(What to produce): Up to and including the line that contains "Omnichat 是全台唯一同時獲得 LINE、Meta、AWS", repeat the entries below exactly from the first line on. Do not carry over any pictures.

┏━━

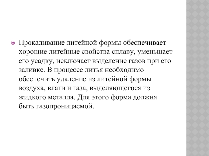 Прокаливание литейной формы обеспечивает хорошие литейные свойства сплаву, уменьшает его усадку,
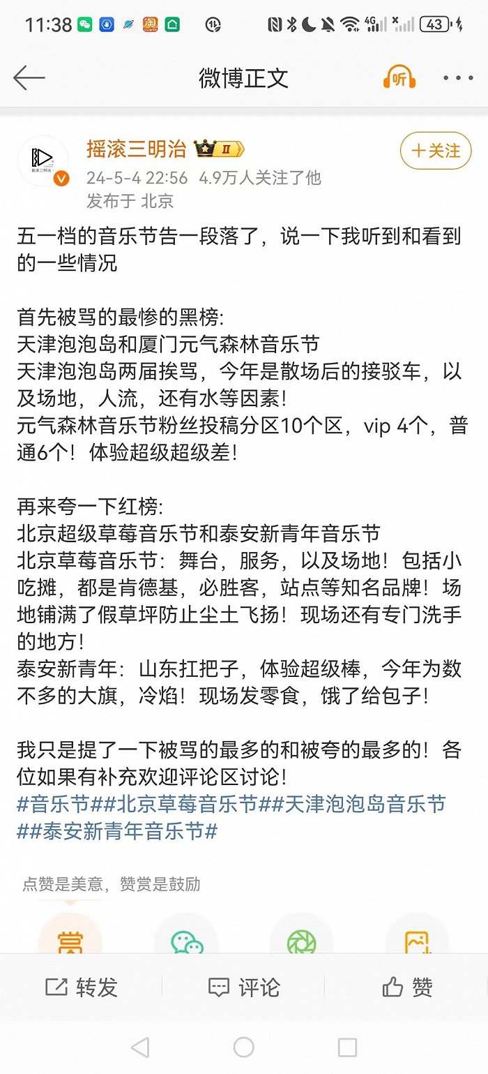 体验和吐槽:谁卷出了体验新高度?5月4日,知名自媒体“摇滚三明治”在微博发布了五一档期音乐节的黑红榜,在社交媒体上被骂得最惨的音乐节是天津泡泡岛音乐节和厦门元气森林音乐节,夸得最多的音乐节是北京超级草莓音乐节和泰安新青年音乐节。
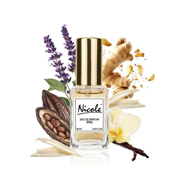 Nicole 2056 należy do kategorii zapachów orientalno-waniliowych z gourmandowym akcentem. Ten zapach to zmysłowa podróż przez trzy oblicza wanilii z Madagaskaru: waniliową infuzję o drzewnym charakterze, kawior waniliowy o bogatej słodyczy oraz waniliowy absolut z mleczną głębią. Kompozycję dopełnia świeża lawenda z Prowansji, nadając całości aromatycznej lekkości.
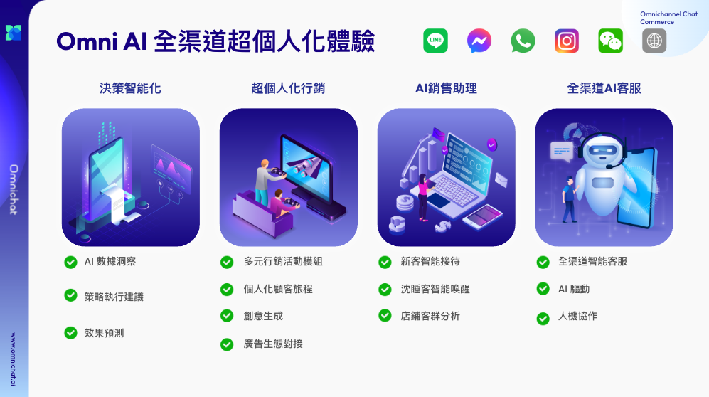 Omnichat 是全台唯一同時獲得 LINE、Meta、AWS 官方技術認證的 SaaS 平台,支援全台最多社群平台整合(LINE、Messenger、Instagram、WhatsApp、官網、門市通訊)。與其他工具不同,Omnichat 不只是訊息整合,更是完整的營運成效推進工具。
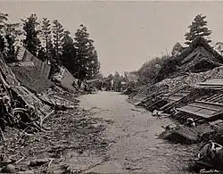 The 1891 Mino–Owari earthquake (美濃・尾張地震, Mino-Owari Jishin) struck the Japanese provinces of Mino and Owari (present-day Gifu Prefecture) in the Nōbi Plain in the early morning of October 28 with a surface-wave magnitude of 8.0 and moment magnitude of 7.5. The event, also referred to as the Nōbi earthquake (濃尾地震, Nōbi Jishin), the Great Gifu earthquake (岐阜大地震, Gifu Daijishin), or the Great Nōbi earthquake (濃尾大地震, Nōbi Daijishin), is the largest known inland earthquake to have occurred in the Japanese archipelago.

┗━━

(Task solution):
 Прокаливание литейной формы обеспечивает хорошие литейные свойства сплаву, уменьшает его усадку,
 体验和吐槽:谁卷出了体验新高度?5月4日,知名自媒体“摇滚三明治”在微博发布了五一档期音乐节的黑红榜,在社交媒体上被骂得最惨的音乐节是天津泡泡岛音乐节和厦门元气森林音乐节,夸得最多的音乐节是北京超级草莓音乐节和泰安新青年音乐节。
 Nicole 2056 należy do kategorii zapachów orientalno-waniliowych z gourmandowym akcentem. Ten zapach to zmysłowa podróż przez trzy oblicza wanilii z Madagaskaru: waniliową infuzję o drzewnym charakterze, kawior waniliowy o bogatej słodyczy oraz waniliowy absolut z mleczną głębią. Kompozycję dopełnia świeża lawenda z Prowansji, nadając całości aromatycznej lekkości.
 Omnichat 是全台唯一同時獲得 LINE、Meta、AWS 官方技術認證的 SaaS 平台,支援全台最多社群平台整合(LINE、Messenger、Instagram、WhatsApp、官網、門市通訊)。與其他工具不同,Omnichat 不只是訊息整合,更是完整的營運成效推進工具。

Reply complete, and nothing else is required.